Aoi sentiu seu peito apertar mais uma vez, segurando as lágrimas, não choraria na frente de ninguém, era ainda orgulhoso demais para isso.


–Há quanto tempo? — questionou.


–Hum? – o soldado perguntou de volta, sem compreender.


–Há quanto tempo você sabia disso, soldado? — o general rugiu em ira.


–Eu... — Ryou recuou — … um dia antes do ataque ao acampamento chinês. — confessou por fim.


–E você não alertou seu superior disso? — o timbre rancoroso veio carregado abafado pelo tecido do rosto, fazendo o pobre samurai recuar novamente.


–Eu... — Ryou tentou se explicar — eu... não tinha certeza do que Aoi-sama faria, e... não queria colocar Uruha-san em perigo.. perdão, mas... Uruha-san era alguém honrado e… eu não tive a intenção... — começou a se desesperar ao perceber que de fato o general o mataria. Mas para seu alivio o moreno apenas se virou, liberando um grunhido estranho e levando a mão aos cabelos presos em um sinal de notável confusão.



Para a sua surpresa o general caminhou até a lateral, escondendo os olhos em uma das palmas ao se apoiar em um guardador simples de armas e equipamentos de guerra.

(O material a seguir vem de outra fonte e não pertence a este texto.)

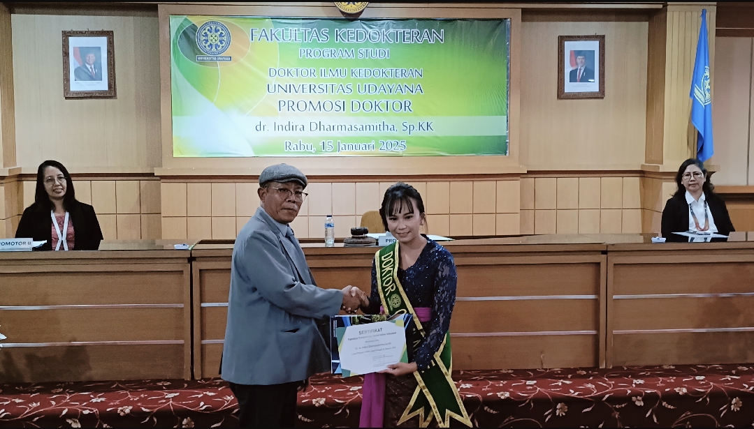 Bertindak sebagai Promotor, Prof. Dr. rer. Nat.Drs I Made Agus Gelgel Wirasuta, Apt, M.Si; Kopromotor I, Dr. dr. Luh Made Mas Rusyati, Sp.KK(K), FINSDV, FAADV; dan Kopromotor II, Dr. dr. Dyah Kanya Wati, Sp.A (K) dan telah diuji dan dinilai pada 20 Desember 2024.
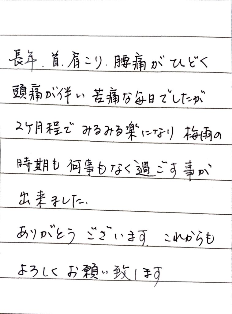 - マッサージに行ってもすぐにまた痛みが戻ってしまう

–Esse tempo todo, ele... ele lutou contra aquilo tudo, enfrentou a morte de seus soldados e passou dias em uma prisão nojenta... nesse estado? — as lágrimas queriam ameaçar voltar, seus olhos ardiam e seu peito apertava... “ao menos pra mim é uma dádiva...”... “Eu amo você...”… “...é agora que você diz que me ama?”.... “Yuu...”... “Quando tudo isso acabar eu tenho algo para te dizer...”... “Ao menos pra mim é uma dádiva...” -… pra mim também... é uma dádiva... — sussurrou para si mesmo, segurando o suporte de madeira com força entre os dedos. Os olhos chorosos se franziram em determinação e o Shiroyama apenas teve o cuidado de enxugar a umidade deles quando se virou para o soldado, imponente e altivo como sempre – Estás de volta ao serviço, serás comandante de minha guarda pessoal, organize-a e recrute mais dois pelotões, marcharemos assim que o sol nascer.


…......................................................................................................................................................



As noites pareciam estar cada dia mais escuras e um redor avermelhado destacava a lua cheia no céu, mas a luz de tal satélite natural já não mais iluminava as matas com a mesma vivacidade de antes, assim como os dias haviam se tornado sempre nublados, as noites cada vez mais se ensombreciam de escuridão.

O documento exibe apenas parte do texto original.